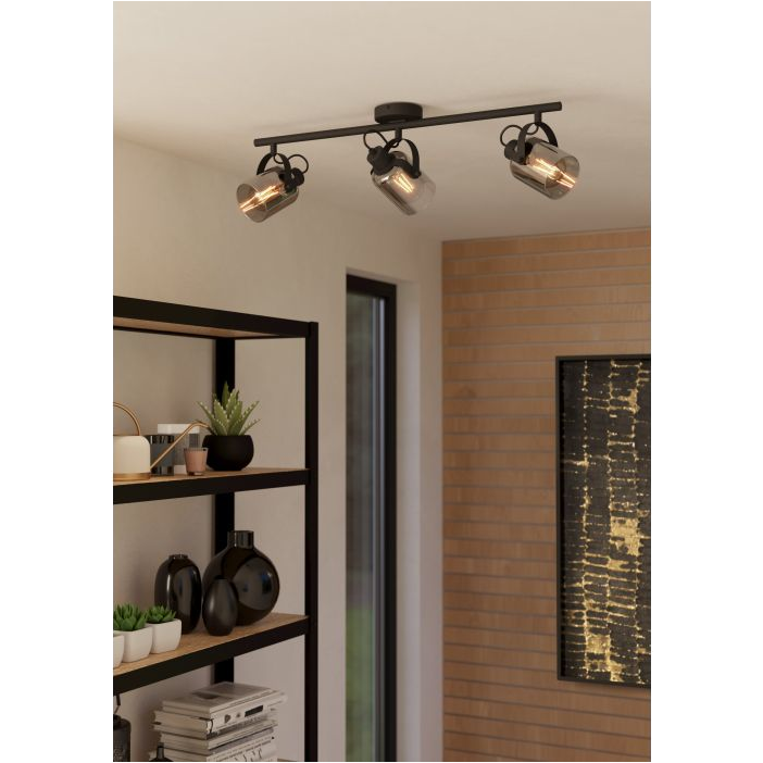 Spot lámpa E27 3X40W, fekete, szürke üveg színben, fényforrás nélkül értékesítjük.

+--

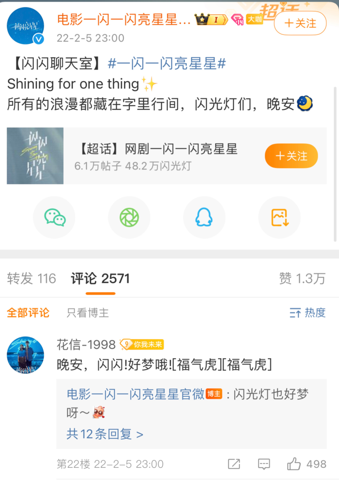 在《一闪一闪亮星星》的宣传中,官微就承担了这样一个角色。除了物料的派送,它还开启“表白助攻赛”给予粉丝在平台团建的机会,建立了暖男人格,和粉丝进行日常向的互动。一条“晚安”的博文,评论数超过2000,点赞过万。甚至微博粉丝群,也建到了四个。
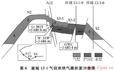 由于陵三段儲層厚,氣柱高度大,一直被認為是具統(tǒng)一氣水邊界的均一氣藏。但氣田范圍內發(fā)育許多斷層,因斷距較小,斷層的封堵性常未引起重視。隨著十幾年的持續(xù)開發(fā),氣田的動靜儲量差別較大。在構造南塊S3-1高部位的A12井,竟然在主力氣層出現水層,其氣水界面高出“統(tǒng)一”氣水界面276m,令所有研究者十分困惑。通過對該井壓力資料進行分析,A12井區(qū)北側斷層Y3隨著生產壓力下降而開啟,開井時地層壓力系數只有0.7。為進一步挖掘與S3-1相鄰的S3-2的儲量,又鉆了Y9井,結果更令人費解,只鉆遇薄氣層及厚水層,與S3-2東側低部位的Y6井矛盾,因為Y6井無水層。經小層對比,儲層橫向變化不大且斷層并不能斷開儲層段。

+--

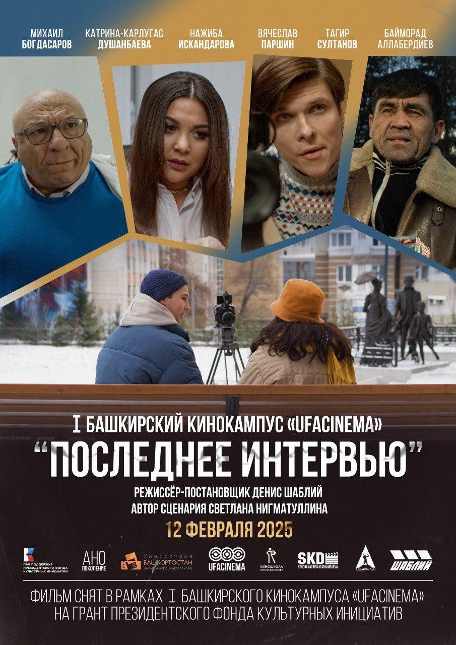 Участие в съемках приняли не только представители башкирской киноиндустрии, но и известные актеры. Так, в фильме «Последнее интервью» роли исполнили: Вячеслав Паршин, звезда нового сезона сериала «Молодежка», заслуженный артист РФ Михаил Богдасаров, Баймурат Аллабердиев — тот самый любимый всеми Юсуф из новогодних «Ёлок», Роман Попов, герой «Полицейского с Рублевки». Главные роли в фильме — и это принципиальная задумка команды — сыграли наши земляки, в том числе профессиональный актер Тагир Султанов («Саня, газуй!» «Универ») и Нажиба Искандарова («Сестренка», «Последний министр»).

+--

The task
Beginning at the line above that contains "在《一闪一闪亮星星》的宣传中", repeat each line exactly through the one that contains "由于陵三段儲層厚,氣柱高度大", and leave out the pictures.

Output for this exercise
 在《一闪一闪亮星星》的宣传中,官微就承担了这样一个角色。除了物料的派送,它还开启“表白助攻赛”给予粉丝在平台团建的机会,建立了暖男人格,和粉丝进行日常向的互动。一条“晚安”的博文,评论数超过2000,点赞过万。甚至微博粉丝群,也建到了四个。
 由于陵三段儲層厚,氣柱高度大,一直被認為是具統(tǒng)一氣水邊界的均一氣藏。但氣田范圍內發(fā)育許多斷層,因斷距較小,斷層的封堵性常未引起重視。隨著十幾年的持續(xù)開發(fā),氣田的動靜儲量差別較大。在構造南塊S3-1高部位的A12井,竟然在主力氣層出現水層,其氣水界面高出“統(tǒng)一”氣水界面276m,令所有研究者十分困惑。通過對該井壓力資料進行分析,A12井區(qū)北側斷層Y3隨著生產壓力下降而開啟,開井時地層壓力系數只有0.7。為進一步挖掘與S3-1相鄰的S3-2的儲量,又鉆了Y9井,結果更令人費解,只鉆遇薄氣層及厚水層,與S3-2東側低部位的Y6井矛盾,因為Y6井無水層。經小層對比,儲層橫向變化不大且斷層并不能斷開儲層段。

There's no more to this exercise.